[Provided material — start]

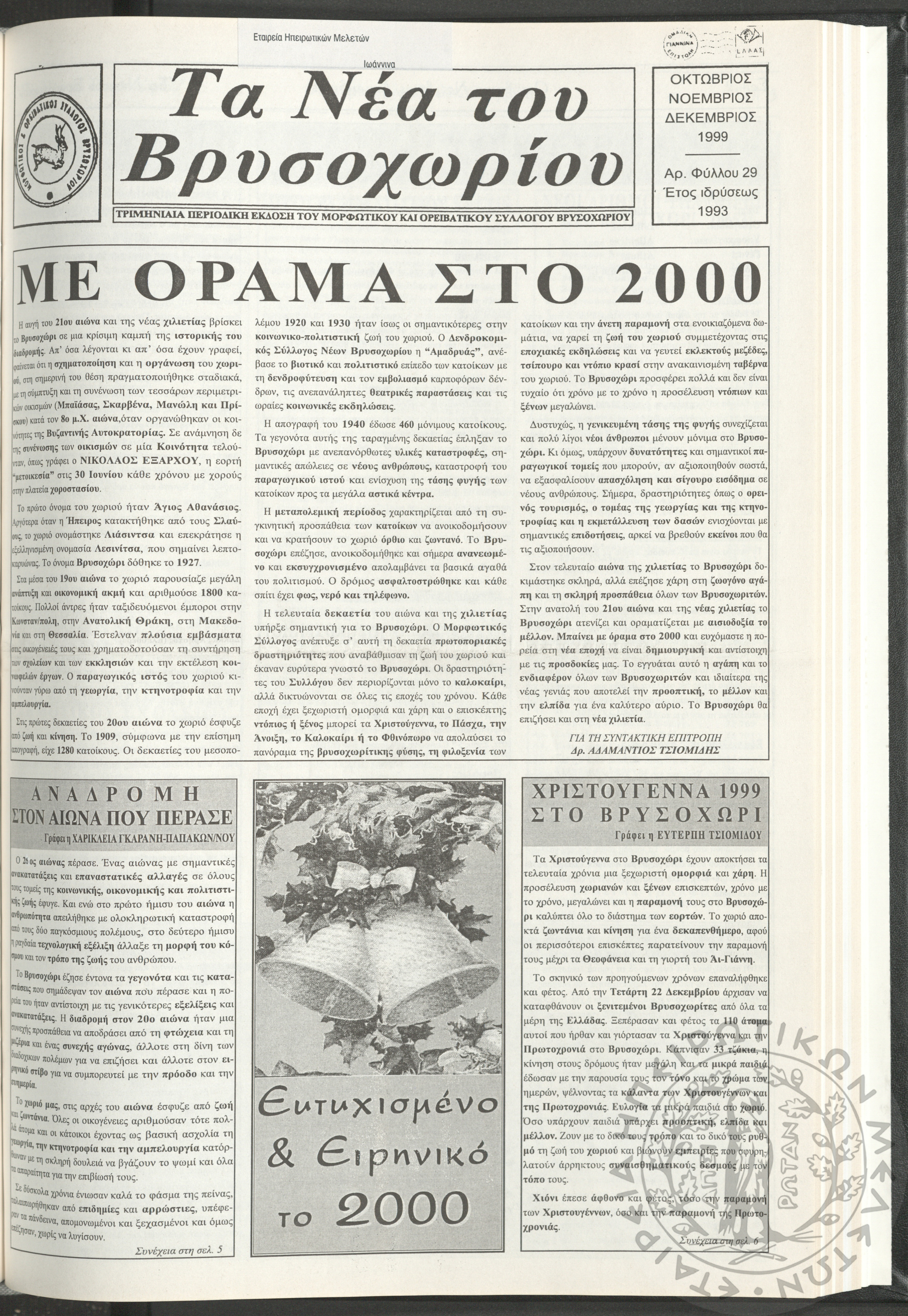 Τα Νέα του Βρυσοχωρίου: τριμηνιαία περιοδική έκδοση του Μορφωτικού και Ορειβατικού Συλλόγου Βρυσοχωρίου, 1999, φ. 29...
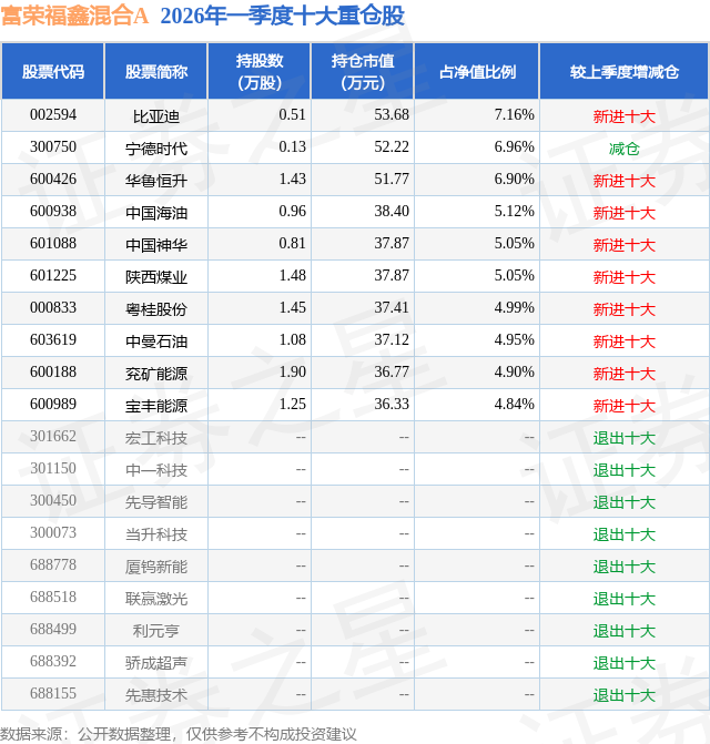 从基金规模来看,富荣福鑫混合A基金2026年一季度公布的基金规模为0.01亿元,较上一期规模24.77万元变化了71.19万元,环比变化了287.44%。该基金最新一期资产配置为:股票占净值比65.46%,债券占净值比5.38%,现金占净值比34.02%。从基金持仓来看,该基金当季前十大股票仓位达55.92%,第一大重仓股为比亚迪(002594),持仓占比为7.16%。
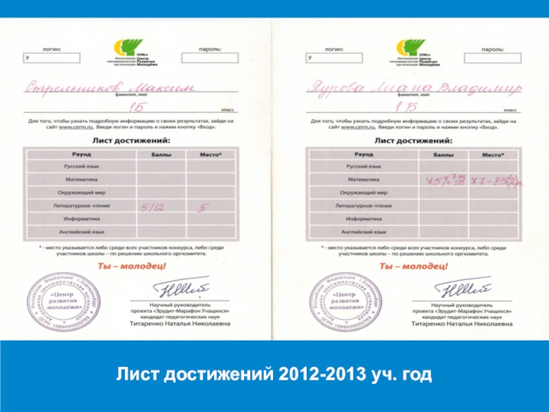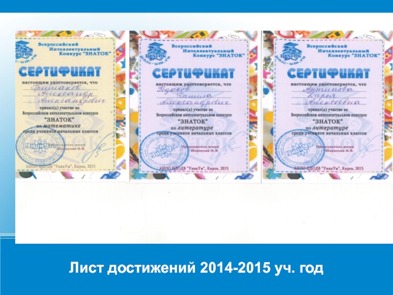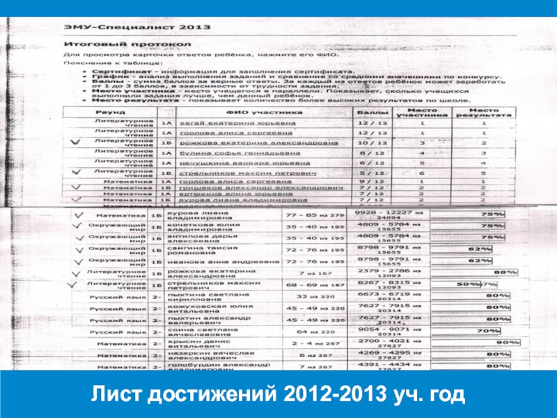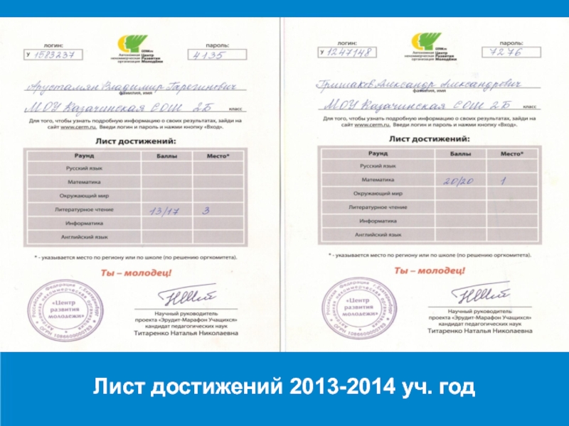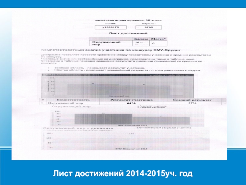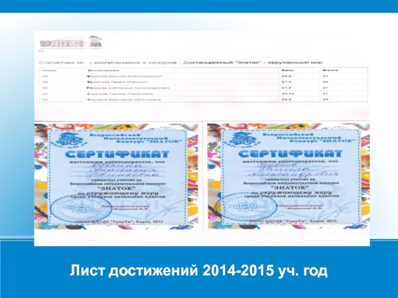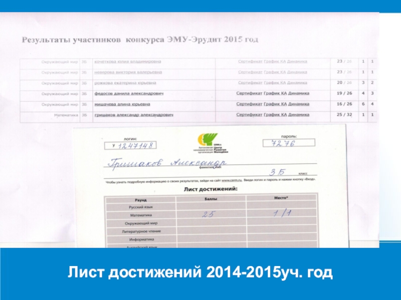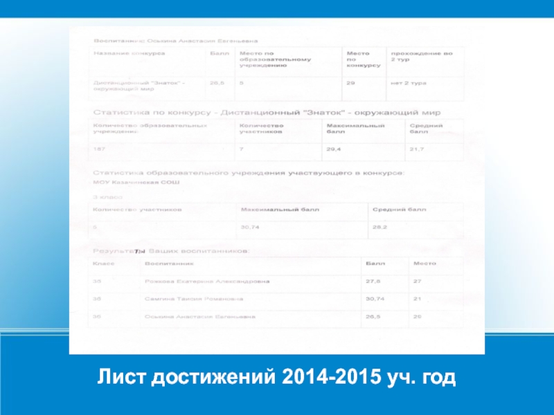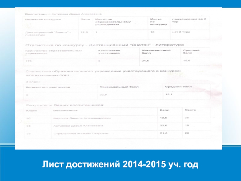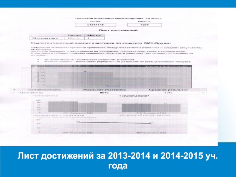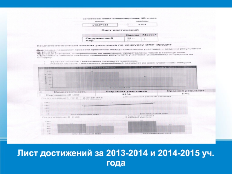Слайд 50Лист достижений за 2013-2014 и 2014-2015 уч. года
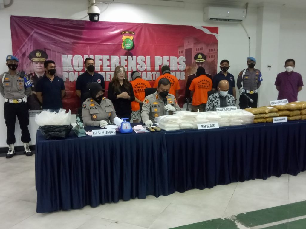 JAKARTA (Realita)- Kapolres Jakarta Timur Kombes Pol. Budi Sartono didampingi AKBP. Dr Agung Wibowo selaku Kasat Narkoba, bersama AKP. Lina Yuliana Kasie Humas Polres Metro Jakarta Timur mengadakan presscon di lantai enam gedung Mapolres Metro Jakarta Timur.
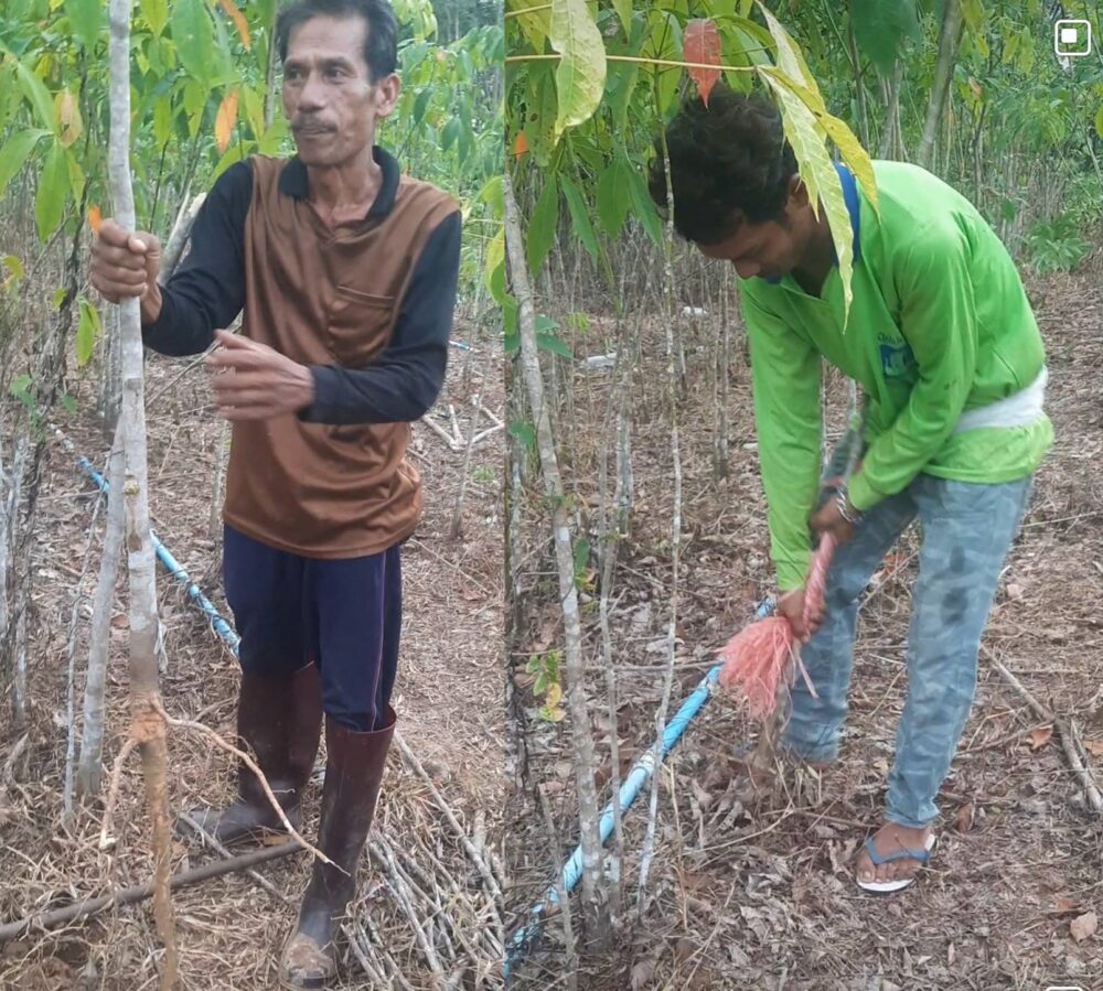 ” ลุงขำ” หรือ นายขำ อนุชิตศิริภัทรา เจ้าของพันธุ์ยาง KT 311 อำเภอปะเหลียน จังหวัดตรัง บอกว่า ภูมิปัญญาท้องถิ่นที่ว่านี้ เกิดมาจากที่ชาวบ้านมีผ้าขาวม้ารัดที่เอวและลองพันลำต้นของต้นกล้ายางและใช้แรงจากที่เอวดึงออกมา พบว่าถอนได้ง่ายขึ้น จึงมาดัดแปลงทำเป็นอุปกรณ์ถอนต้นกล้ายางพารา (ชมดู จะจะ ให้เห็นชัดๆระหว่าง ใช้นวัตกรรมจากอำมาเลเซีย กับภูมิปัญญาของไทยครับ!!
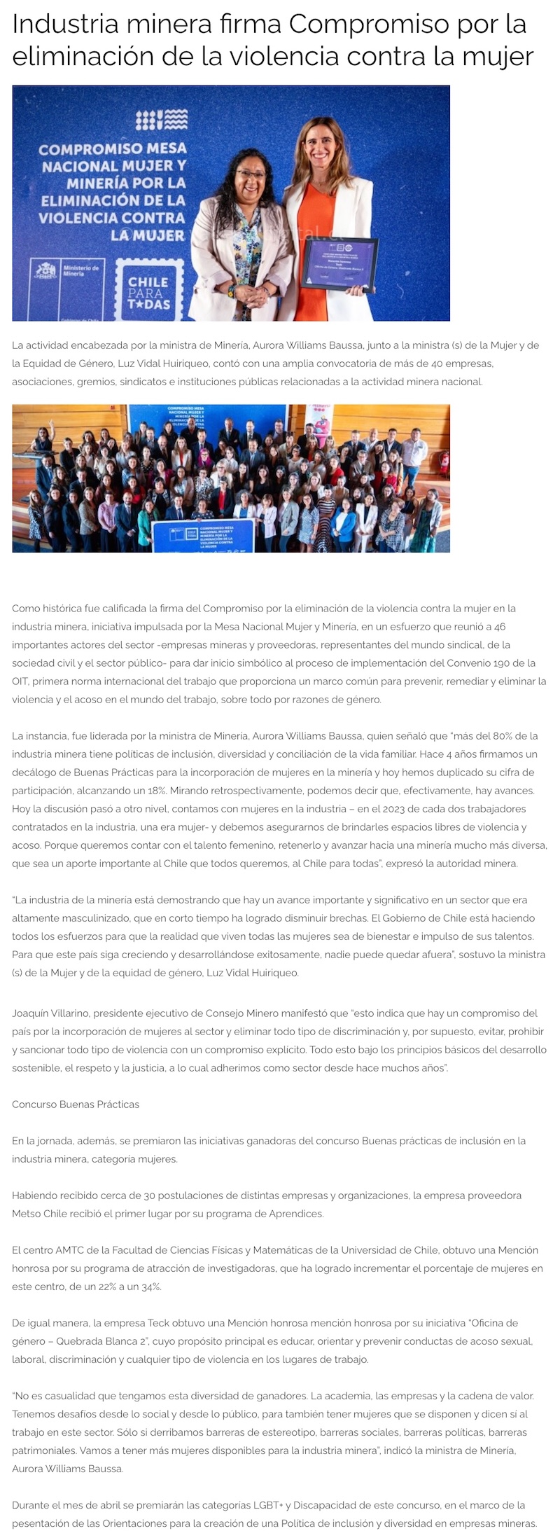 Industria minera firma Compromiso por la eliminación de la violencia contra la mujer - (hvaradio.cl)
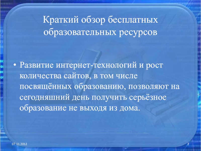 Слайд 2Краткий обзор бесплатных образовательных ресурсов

[Provided material — finish]

Exercise details:
Beginning at the first line of the listing, print each line exactly until and including the one that has "Слайд 50Лист достижений"; skip pictures.

Answer section:
 Τα Νέα του Βρυσοχωρίου: τριμηνιαία περιοδική έκδοση του Μορφωτικού και Ορειβατικού Συλλόγου Βρυσοχωρίου, 1999, φ. 29...
 从基金规模来看,富荣福鑫混合A基金2026年一季度公布的基金规模为0.01亿元,较上一期规模24.77万元变化了71.19万元,环比变化了287.44%。该基金最新一期资产配置为:股票占净值比65.46%,债券占净值比5.38%,现金占净值比34.02%。从基金持仓来看,该基金当季前十大股票仓位达55.92%,第一大重仓股为比亚迪(002594),持仓占比为7.16%。
Слайд 50Лист достижений за 2013-2014 и 2014-2015 уч. года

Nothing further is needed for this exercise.